Rather than use the & to indicate the concept of borrowed data, Rust’s designers used it to indicate the implementation: You have to use it to borrow data, but it’s not a designation of the borrowing concept; it’s a designation of the tool used to borrow: references. Both the Rust manual and many Rustaceans will tell you that the two are one and the same, but we see above that this is not in fact the case.. In a similar way, * doesn’t mean “use borrowed data”; it means “dereference referenced data.” The necessity of a * when you want to use borrowed data depends entirely on whether the client is willing to use a borrowed copy, or insists on having the data moved to it.

And if the client insists on having the data moved to it, then God help you, because the only way out of that is a .clone() — assuming you have one available.

That brings us to disfavored design decision #3: the default action in Rust is to move data, rather than to borrow it. According to one of the Rust designers’s answers on Reddit, this was a deliberate choice made to suit their preferred programming style. Very well, but there are an awful lot of &’s littering most Rust code I’ve seen; in most cases I work with, I use an & to pass the parameter, because borrowing is more or less painless: I almost never need to “drop” data, to use Rust parlance, and one of Rust’s strengths lies precisely in that the compiler can always figure out when it can drop the data. So there’s no practical reason for me to move data, and I suspect that’s the case for many others, as well.

To conclude, I’d like to compare this to one of Ada’s design decisions that I really appreciate: procedures accept parameters in one of three modes:

in, which means the parameter is to be read but not modified;
out, which maens the parameter is to be assigned but not read; and
in out, which means what you hopefully expect: the parameter can be both read and assigned.

A common question one sees in Ada forums is,

How do I tell the compiler I want to pass the parameter by reference?

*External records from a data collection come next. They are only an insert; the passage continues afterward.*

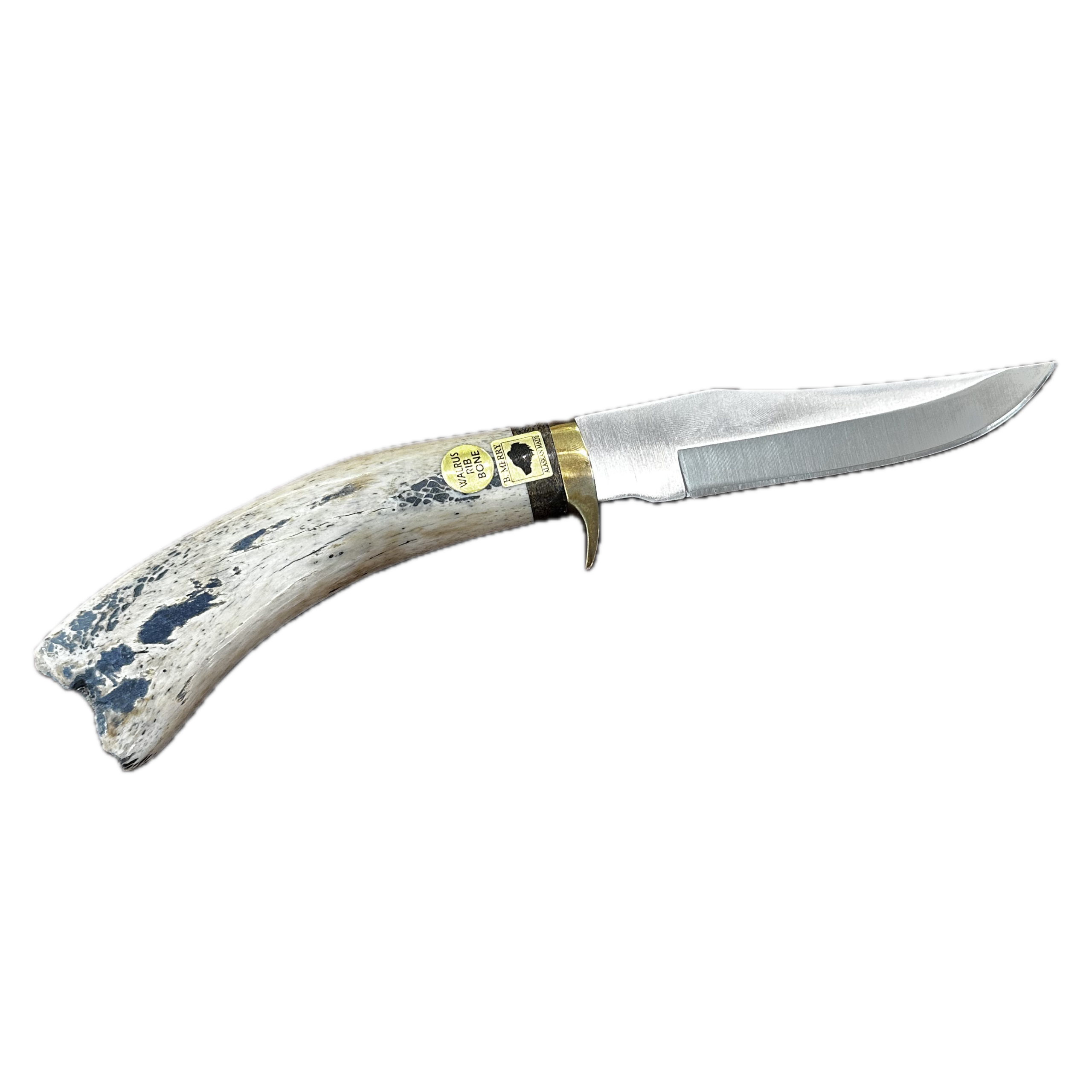 The 10.5″ walrus rib bone handle knife comes with a heavy duty leather sheath. This piece has an oosik spacer right before the blade begins. Alaska Natives beachcomb throughout Alaska, finding various durable materials, and then sell it to the carvers and artists. The blade is made with steel.
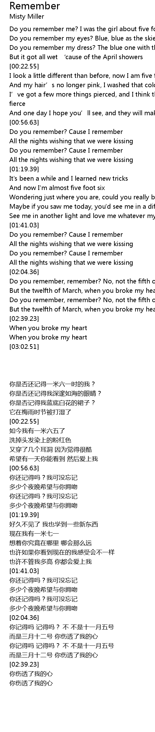 | [02:34.16] | But the twelfth of March, when you broke my heart |
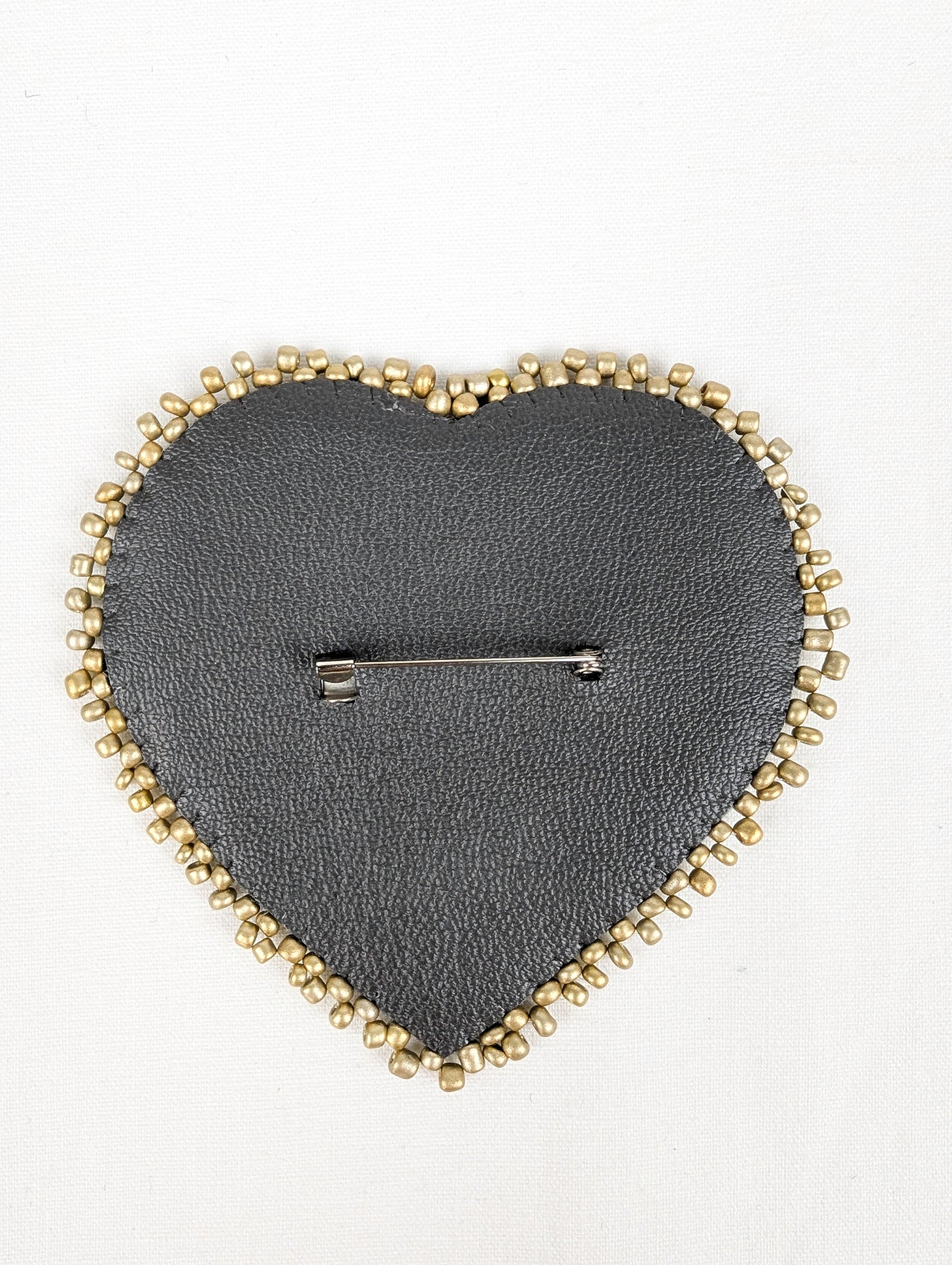 The heart-shaped design features a bold LOVE motif constructed from reclaimed fabric fragments, each chosen for contrast and texture. A border of gold-tone beads is stitched by hand, adding depth and subtle shine while framing the graphic message. Designed to be worn on jackets, hats, bags, or denim, this pin brings intention and emotion to everyday styling.

The typical answer is: You don’t. That’s not your job. The programmer’s job is to specify the solution to a problem at a conceptual level, and not to micromanage the details.

There is some not entirely invalid criticism to this, in that if you look at the following Ada code, it’s not clear what mode Do_Something_With accepts for Thing:

declare Thing: Integer;
begin
   Do_Something_With(Thing);
end;

But that’s beside the point, I think. Perhaps we can agree that we should praise Rust’s designers for deciding that the corresponding Rust code would be

let thing = 0;
do_something_with(&mut thing);

…if we want to change thing, or

let thing = 0;
do_something_with(&thing);

…if we don’t; or even

let thing = 0;
do_something_with(thing);

…if we never intend to use thing again. I do appreciate that sort of explicit designation.

Though I do wish they’s used borrow instead of that ampersand, or perhaps move with a different design… but you go to code with the language you have, not the language you wish you had… and I suppose that if I work with Rust long enough, I may come to appreciate the decision to make moving the default.